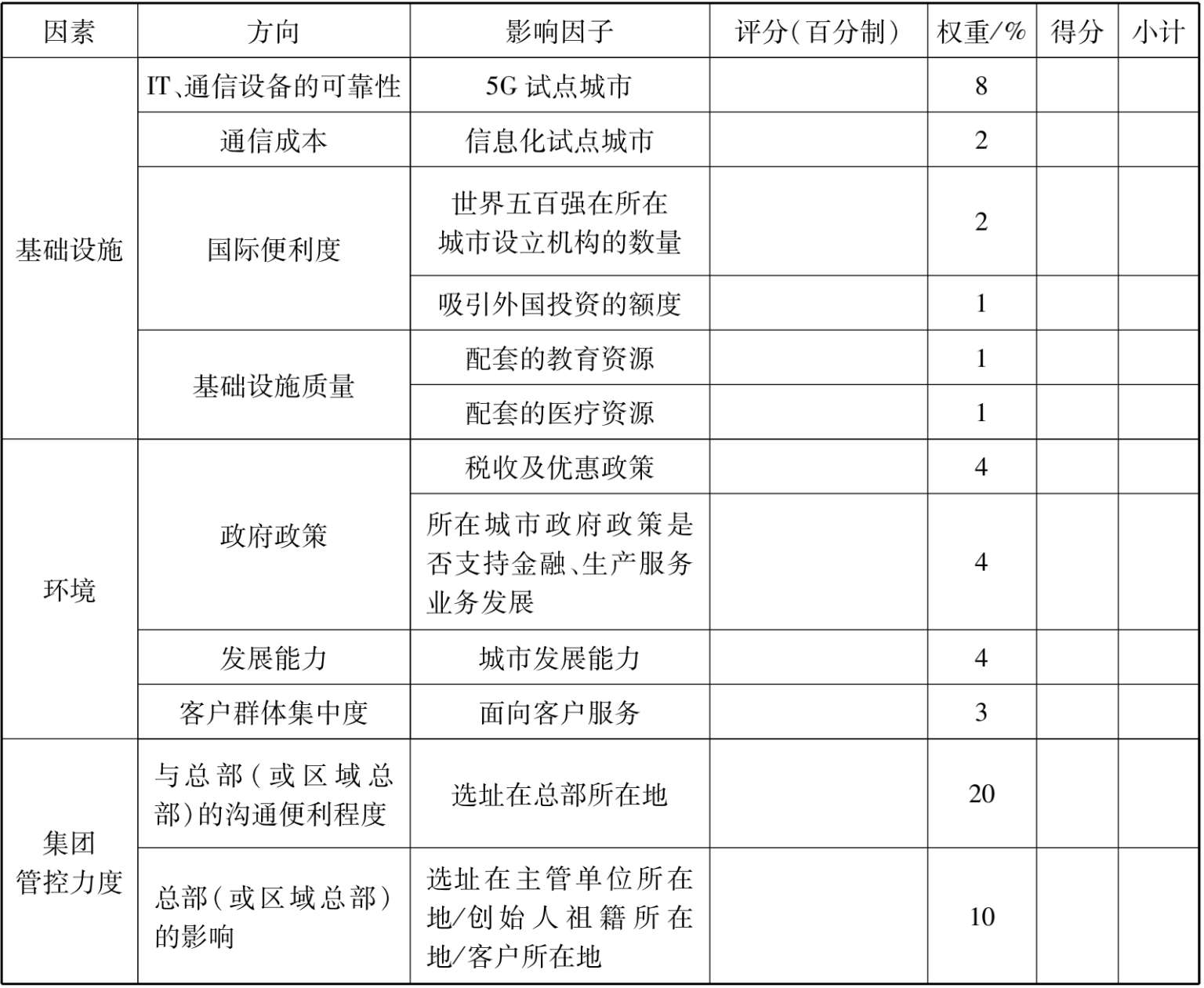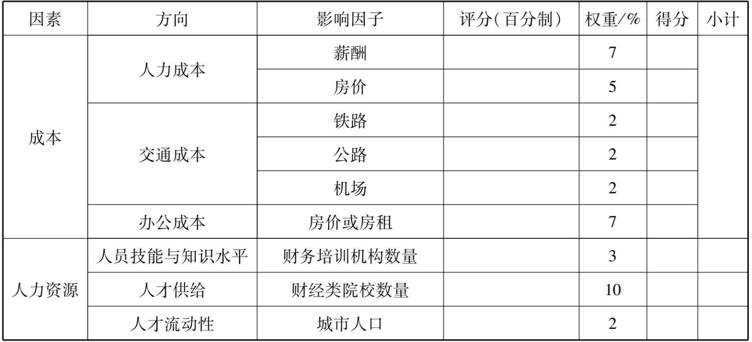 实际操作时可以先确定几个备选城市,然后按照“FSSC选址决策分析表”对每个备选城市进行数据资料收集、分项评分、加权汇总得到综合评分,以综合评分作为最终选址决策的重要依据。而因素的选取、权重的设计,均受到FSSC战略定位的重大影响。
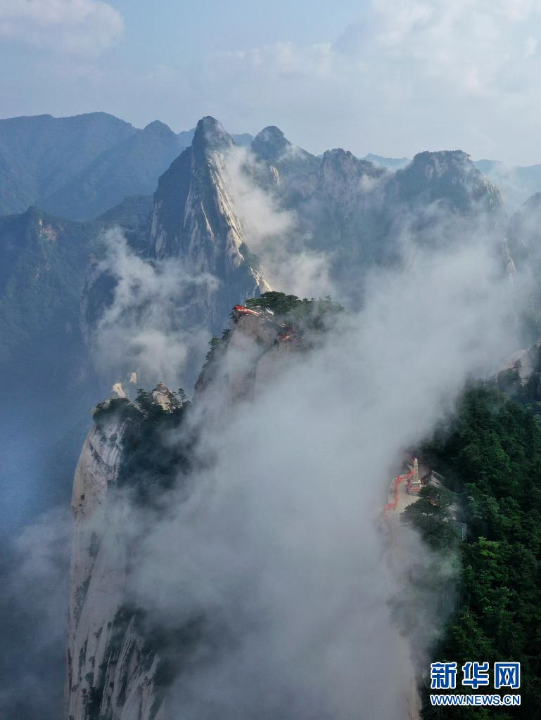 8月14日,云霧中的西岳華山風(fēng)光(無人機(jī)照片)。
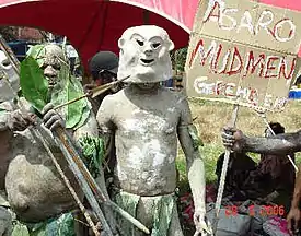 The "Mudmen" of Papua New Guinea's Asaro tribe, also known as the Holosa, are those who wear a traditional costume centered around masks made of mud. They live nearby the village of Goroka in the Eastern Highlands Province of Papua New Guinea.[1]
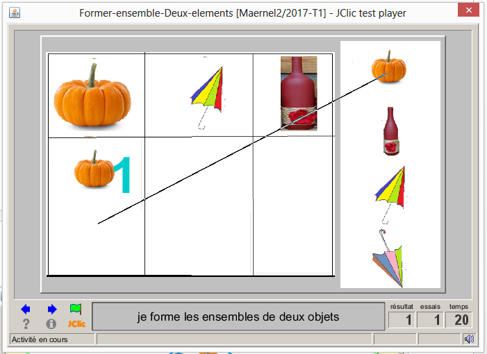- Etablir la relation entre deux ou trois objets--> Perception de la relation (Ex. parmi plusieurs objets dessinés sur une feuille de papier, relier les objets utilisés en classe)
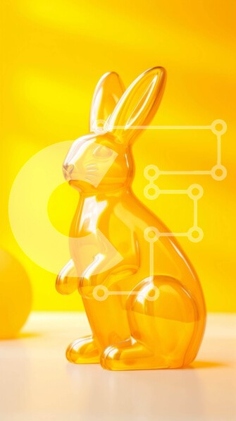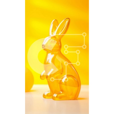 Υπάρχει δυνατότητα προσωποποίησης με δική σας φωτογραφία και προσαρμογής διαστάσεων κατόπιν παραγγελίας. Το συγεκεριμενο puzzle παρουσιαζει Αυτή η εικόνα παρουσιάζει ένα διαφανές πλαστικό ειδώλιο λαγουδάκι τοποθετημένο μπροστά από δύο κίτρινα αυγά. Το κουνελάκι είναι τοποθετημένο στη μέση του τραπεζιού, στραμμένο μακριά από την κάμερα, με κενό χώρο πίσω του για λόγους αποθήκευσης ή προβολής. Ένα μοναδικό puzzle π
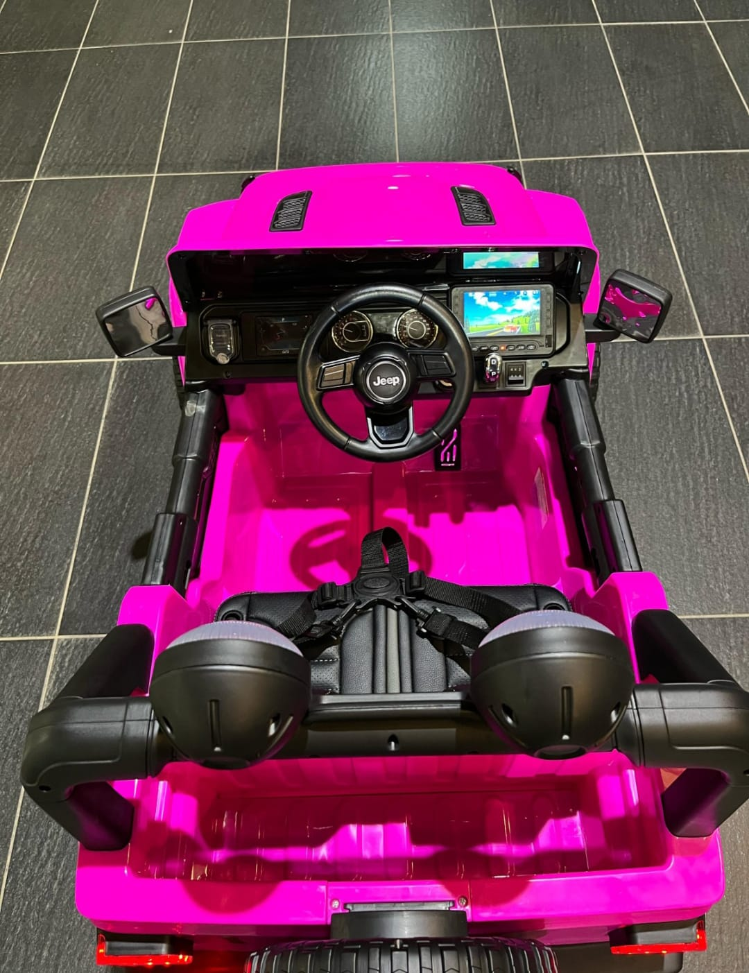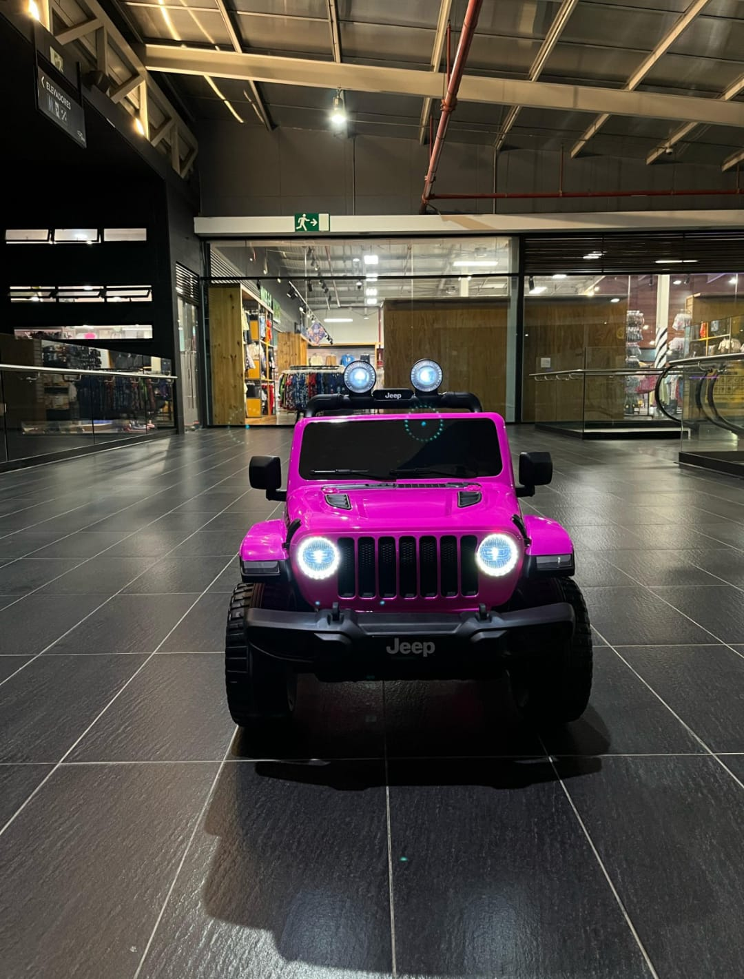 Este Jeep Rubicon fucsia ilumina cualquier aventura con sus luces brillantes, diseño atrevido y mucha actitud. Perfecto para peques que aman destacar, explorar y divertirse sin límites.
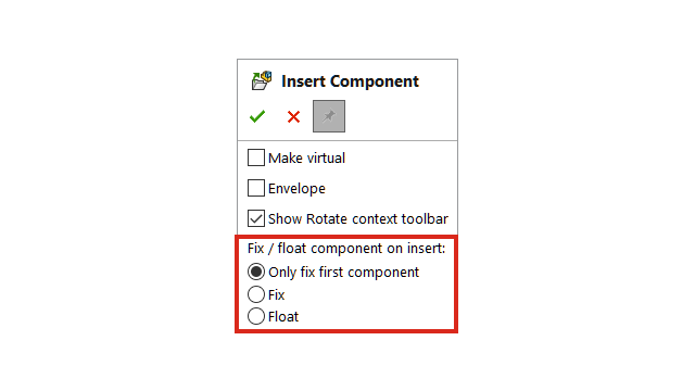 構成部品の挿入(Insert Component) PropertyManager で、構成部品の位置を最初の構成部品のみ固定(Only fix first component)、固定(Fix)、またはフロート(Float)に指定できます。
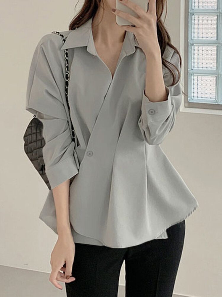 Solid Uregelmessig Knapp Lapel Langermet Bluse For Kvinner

> _PROBLEM DESCRIPTION_:
Return the listing above in full and unaltered. Keep the pictures out.

> _TASK OUTPUT_:
 实际操作时可以先确定几个备选城市,然后按照“FSSC选址决策分析表”对每个备选城市进行数据资料收集、分项评分、加权汇总得到综合评分,以综合评分作为最终选址决策的重要依据。而因素的选取、权重的设计,均受到FSSC战略定位的重大影响。
 8月14日,云霧中的西岳華山風(fēng)光(無人機(jī)照片)。
 The "Mudmen" of Papua New Guinea's Asaro tribe, also known as the Holosa, are those who wear a traditional costume centered around masks made of mud. They live nearby the village of Goroka in the Eastern Highlands Province of Papua New Guinea.[1]
- Etablir la relation entre deux ou trois objets--> Perception de la relation (Ex. parmi plusieurs objets dessinés sur une feuille de papier, relier les objets utilisés en classe)
 Υπάρχει δυνατότητα προσωποποίησης με δική σας φωτογραφία και προσαρμογής διαστάσεων κατόπιν παραγγελίας. Το συγεκεριμενο puzzle παρουσιαζει Αυτή η εικόνα παρουσιάζει ένα διαφανές πλαστικό ειδώλιο λαγουδάκι τοποθετημένο μπροστά από δύο κίτρινα αυγά. Το κουνελάκι είναι τοποθετημένο στη μέση του τραπεζιού, στραμμένο μακριά από την κάμερα, με κενό χώρο πίσω του για λόγους αποθήκευσης ή προβολής. Ένα μοναδικό puzzle π
 Este Jeep Rubicon fucsia ilumina cualquier aventura con sus luces brillantes, diseño atrevido y mucha actitud. Perfecto para peques que aman destacar, explorar y divertirse sin límites.
 構成部品の挿入(Insert Component) PropertyManager で、構成部品の位置を最初の構成部品のみ固定(Only fix first component)、固定(Fix)、またはフロート(Float)に指定できます。
 Solid Uregelmessig Knapp Lapel Langermet Bluse For Kvinner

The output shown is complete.